日本MDLが独ライオンのADME予測ツールを発売

臨床データを利用した精密モデル、消化管吸収性・肝代謝を予測

 2001.11.16−日本MDLインフォメーションシステムズは、米MDLと独ライオンバイオサイエンスとの提携に基づき、ADME(吸収・分布・代謝・排出)予測ツール「iDEA」(商品名)の国内での販売活動を開始した。ライオンが今年の3月に買収した米トレガバイオサイエンスの製品で、コンソーシアム形式で昨年に開発されたもの。創薬研究の初期段階の化合物ライブラリーデザインから、非臨床試験に入るフェーズまでの幅広い過程で利用することができる。ウェブ環境で運用でき、サン・マイクロシステムズのサーバーがバンドルで提供される。価格は5ユーザーライセンスで年間2,700万円。

 iDEAは、シェーリングプラウ、ジェネンテック、スミスクライン−ビーチャム、パーク・デイビス、ジョンソン&ジョンソンなどの6社が参加したコンソーシアムでの実際の化合物データや臨床データをもとにして開発された。結果的に薬にならなかった化合物の貴重な情報も含まれており、幅広い化学的空間を網羅したデータセットに基づいている。

 一般的には、“リピンスキーのルール”を用いて医薬品としての吸収性を評価するが、このルールではスコアが低くても実際には吸収性が良かったり、逆にルールに合致していても吸収性の悪いものもある。iDEAに利用されたデータセットはこれらを幅広く含んでいるのが特徴となっている。

 システムは大きく2段階で利用でき、創薬の初期段階のライブラリーデザインの際と、動物実験に進む前後の段階での探索ADMEに役立てることが可能。候補化合物が医薬として望ましい物性を備えているかどうかを実験の前に評価できるので、新薬開発の費用と時間の削減に寄与する。

 ライブラリーデザインに役立つのは、Caco-2細胞透過性と人体への吸収性予測の機能。2次元構造式をもとにCaco-2予測値と吸収性の高さ(3段階評価)を示してくれる。構造式はスマイル形式で入力され、一度に125化合物の情報を処理することができる。ライブラリーに含める化合物の部分構造を修飾したり、基本骨格を見直したりしながら、確率の高いライブラリーを設計するのに用いることが可能。

 一方、探索ADMEで利用する吸収予測と代謝予測にも、メンバー企業から実際の臨床データが提供された。精密な生理学的吸収モデル、生理学的代謝モデルを構築するため、前者は72化合物、後者には64化合物から得た情報が盛り込まれている。

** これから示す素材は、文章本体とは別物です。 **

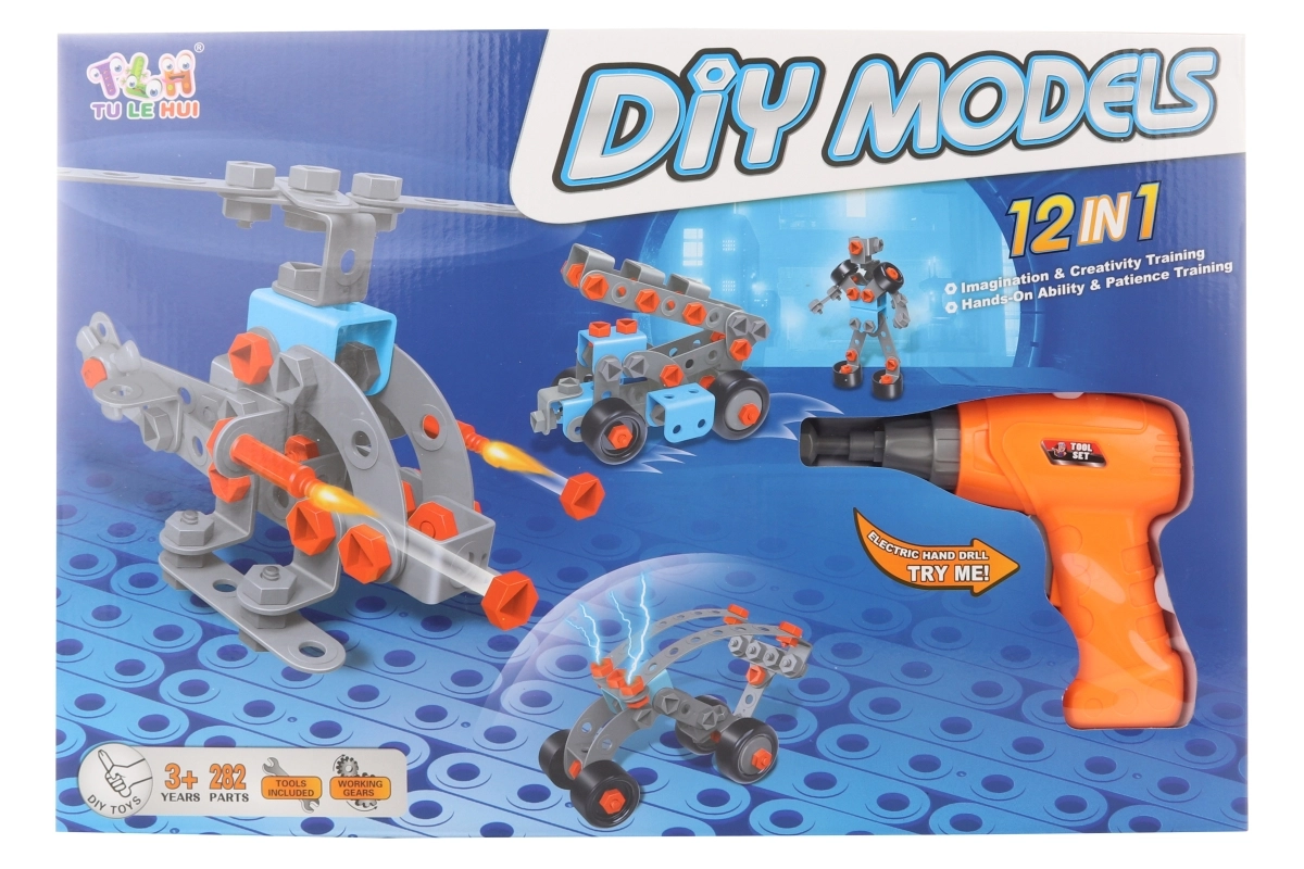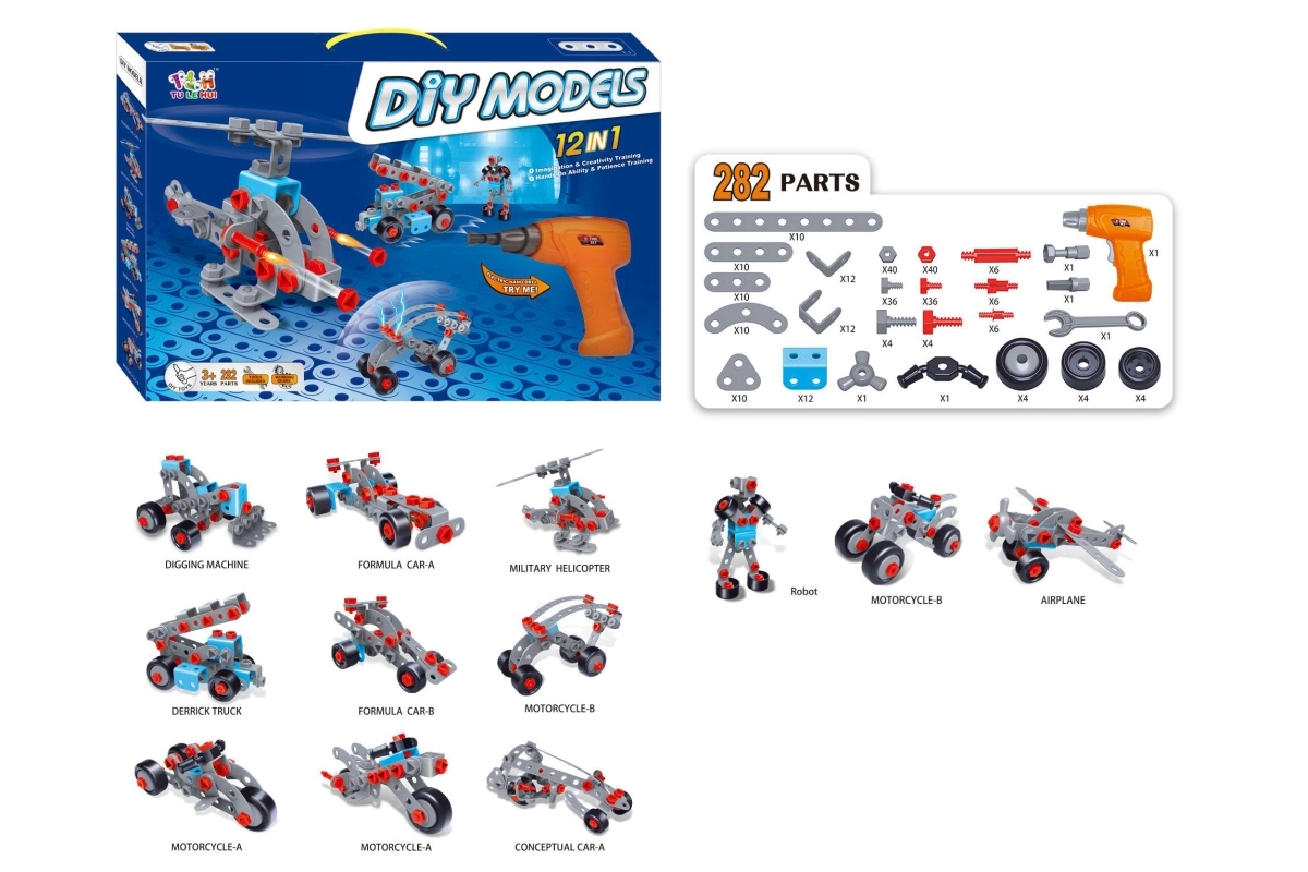- Rijke uitrusting: 282 stukjes, kinderboormachine, schroevendraaier, handleiding

 経口投与された薬物は、消化管で吸収され、肝臓での代謝を乗り切ったのちに、初めて医薬品として作用する。このため、消化器官の各部位の溶解性や透過性、表面積、腸内移動速度などをパラメーターに組み込んだ吸収モデルに対して、インビトロ試験で測定したCaco-2透過性データ、溶解性データなどを入力することで、濃度や絶対量などの時間変化を精密に予測する機能がある。次に、消化管からの吸収率やたん白質結合率などを代謝モデルに当てはめることで、その薬物の代謝特性を予測することが可能。

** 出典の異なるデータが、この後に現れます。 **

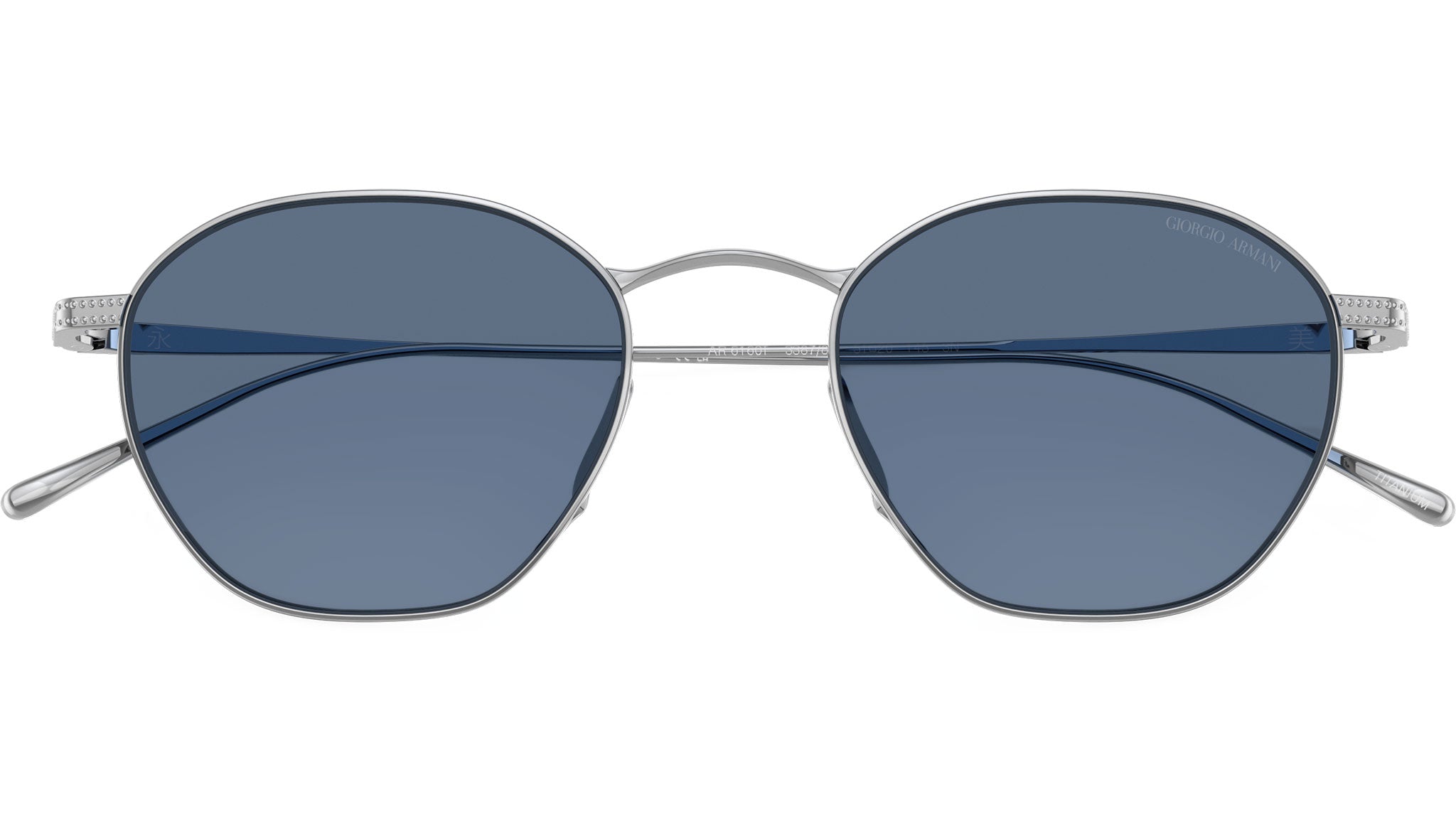 Occhiali da sole Giorgio Armani AR 6160T 338780 con montatura squadrata in titanio argento e lenti in poliammide color blu scuro. Naselli regolabili. Linea: Armani Code. Codice modello: 0AR6160T. Codice colore: 338780. Rivenditore autorizzato Giorgio Armani online. Gli occhiali vengono consegnati con custodia e accessori originali e sono coperti dalla garanzia ufficiale di 12 mesi del produttore.

 この時に利用するインビトロデータは、試験条件やプロトコルなどによって値がばらつく可能性がある。できるだけ、モデル構築に使用したデータセットと整合性を取ることが理想であるため、ライオンでは今回のインビトロ試験のプロトコルの詳細情報をユーザーリファレンスとして提供している。日本MDLでは、こうした技術サポートを含めて、十分な体制を国内でも整えていく計画である。